Может, она лежит где-нибудь в безлюдном месте, раненная… Он напряженно слушал, как часы отсчитывают минуты, и думал о том, куда она могла уйти.

Она вернется. Он должен верить в это, иначе жизнь потеряет для него всякий смысл. Когда она погибла, каждый день был окутан для него печалью и одиночеством, оживлялся лишь светлым чудом — ребенком, которого они создали вместе.

Но Дженни не принадлежит ему в том смысле, в каком принадлежала Кэрри, как он принадлежал женщине, которую любил. С каждым годом Дженни будет все меньше и меньше зависеть от него. И однажды он отойдет и даст ей жить самостоятельно.

И он останется один.

Как и его мать, которая осталась вдовой и одна боролась за то, чтобы поднять на ноги ребенка. Слава Богу, у него хорошая профессия, и он не должен работать столько времени, сколько работала его мать… Однако в глубине души он знал, что гораздо слабее своей матери. Он не сможет до конца своих дней оставаться одиноким и посвятить жизнь своему ребенку. Ведь Бен Брэдфорд — жалкий трус!

Она должна вернуться домой. Неужели она не понимает, как она нужна мне?

До встречи с ней он всегда чувствовал себя изолированным от мира. Даже его мать, которую он очень любил, не заполняла пустоты в его сердце.

Он помнил, как школьником приходил один в темную квартиру, один делал домашние задания, потому что его мать возвращалась домой поздно вечером и наспех готовила скудный ужин. Когда он стал постарше, то сам готовил себе еду.

Он до сих пор вспоминал отчаяние, которое испытывал, открывая все шкафы на кухне и ничего не находя — ничего, что бы мог съесть на обед. И выражение лица своей матери, когда вечером она садилась в старое кресло-качалку в их гостиной и клала ноги на подушечку. В ее глазах не было радости, а было осознание того, что всего через несколько часов ей надо снова идти на работу, которую удалось получить. Ее взгляд оживал, лишь когда падал на сына.

Бывали случаи, когда он почти ненавидел отца за то, что он умер.

А повзрослев, поклялся, что его семья никогда не будет вести такое существование, еле-еле сводить концы с концами. Его жена никогда не будет вынуждена работать. (И он постарался: огромный страховой полис гарантировал это, что бы с ним ни случилось.) Его жена будет дома с детьми, расточать им свою любовь и внимание, которых так не хватало ему, когда он был ребенком. Он до сих пор помнил, как завидовал своему лучшему другу. Когда он приходил к Джоуи домой после школы, там всегда были свежие булочки, только и ждущие, чтобы их съели, пока они развлекали маму рассказами о школе.
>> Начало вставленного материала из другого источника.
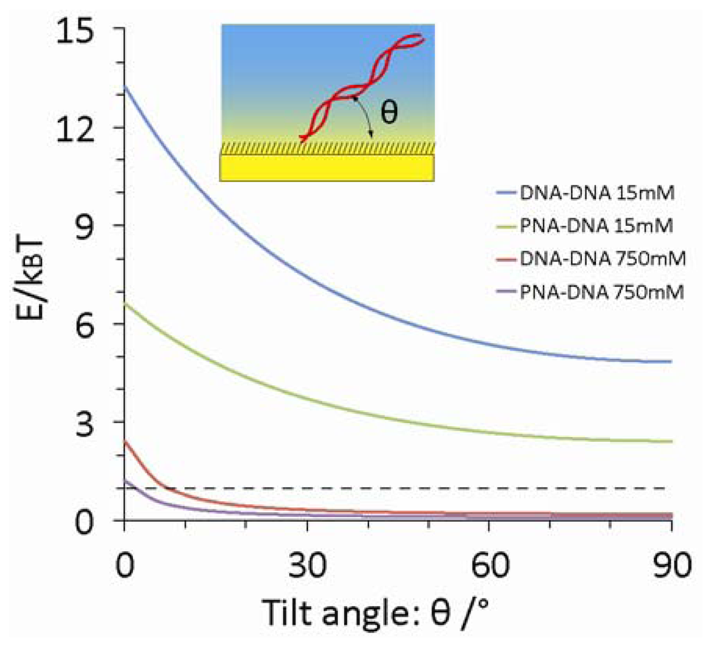 Figure 5 displays the electrostatic energy in terms of kBT for surface-immobilized duplex in 5× SSC and in 0.1× DPBS using above equations. The calculation clearly shows that the electrostatic energy is higher than thermal fluctuation of the molecule (E/kBT > 1) even in 5× SSC buffer at the tilt angles below 8° and 3° for DNA-DNA and PNA-DNA duplexes, respectively. This model also indicates that the electrostatic interaction decreases with decreasing the number of charges and probe length. Therefore, the 15-mer PNA-DNA heterodimer has the weakest electrostatic interaction with the electrode surface. Schuhmann et al. have demonstrated the importance of controlled orientation of DNA probes on a SAM-coated electrode by surface potential for successful determination of DNA hybridization using electrochemical impedance spectroscopy []. In contrast, neutral PNA probes have no electrostatic interaction with the electrode that compromises the sensitivity for the hybridization detection through the potentiometry. In this study, this electrostatic attractive force explains successful electrical readout of DNA target even in the hybridization buffer. Also, the electrostatic interaction may accumulate free DNA molecules in the solution toward the sensor surface. This phenomenon locally increases the apparent target concentration at the interface, allowing highly sensitive detection in the low concentrations of DNA target. Relatively high noise levels observed in the potentiometry may be attributed to the nonspecific electrostatic accumulation of free DNA molecules onto the electrode. Due to the limitation to modulate the surface potential in electrostatic potentiometry, it is quite difficult to confirm this phenomenon. Assembling the mixed SAM with a dithiol as a ternary component may reduce background noises by improving surface coverage and defects of backfilling SAM [,]. Introducing anti-fouling thols instead of MCH for making SAM may be also effective to decrease noises by preventing nonspecific adsorption [,]. Another reason for influencing on the results is the dramatic conformational change of the single-stranded probes from globular shape to the rigid rod-like duplex with the persistence length of about 45–50 nm [], which is a clear contrast to that of 1–2 nm for single stranded DNA []. Indeed, the flexibility change of PNA probe upon duplex formation with DNA target can be detected in electrochemical biosensing []. Because the potentiometric sensor detects changes in the charge density and capacitance at the interface as shown in Equation (1) so that the conformational changes should dramatically influence on the sensor signal. The chain flexibility of PNA and polyelectrolytic nature of DNA might change macromolecular conformation of PNA and DNA probes at the interface.
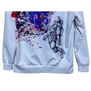 Barbed Rose Digital Print Hoodie Sweatshirt Size Medium White With Spaceman - Unisex

От запаха обеда текли слюнки, а Джоуи и его мать все время улыбались и смеялись. Черт возьми, она даже пела!

Мать Бена никогда не пела. Иногда она улыбалась, когда он рассказывал ей о школе. Но она была так измучена, что засыпала в своем кресле-качалке, прежде чем он заканчивал рассказ.

Однажды — ему было лет девять — она сильно простудилась и долго болела. Он до сих пор помнит, как лежал ночью с открытыми глазами, прислушиваясь к ее глубокому кашлю и думая о том, где бы найти какую-нибудь работу, чтобы получить немного денег и пригласить к ней доктора. В девять лет. Боже мой!

Его дети ни в коем случае не будут думать, что случится с ними, если их мать заболеет, или придет домой поздно, или потеряет работу. Неужели это так ужасно — хотеть дать своей семье все то, чего ты был лишен, будучи ребенком?

Он думал так вовсе не оттого, что не любил свою мать. Он сильно любил ее и любит сейчас. Она приносила одну жертву за другой ради него. А теперь ей больше не надо беспокоиться о деньгах. Об этом позаботился он.

Бен медленно сел и свесил ноги с края дубовой кровати. Марина хотела только наказать его. Они снова поговорят, когда оба успокоятся, и он заставит ее понять, какая это безумная идея — пытаться заниматься бизнесом, когда у тебя на руках двое маленьких детей и домашнее хозяйство.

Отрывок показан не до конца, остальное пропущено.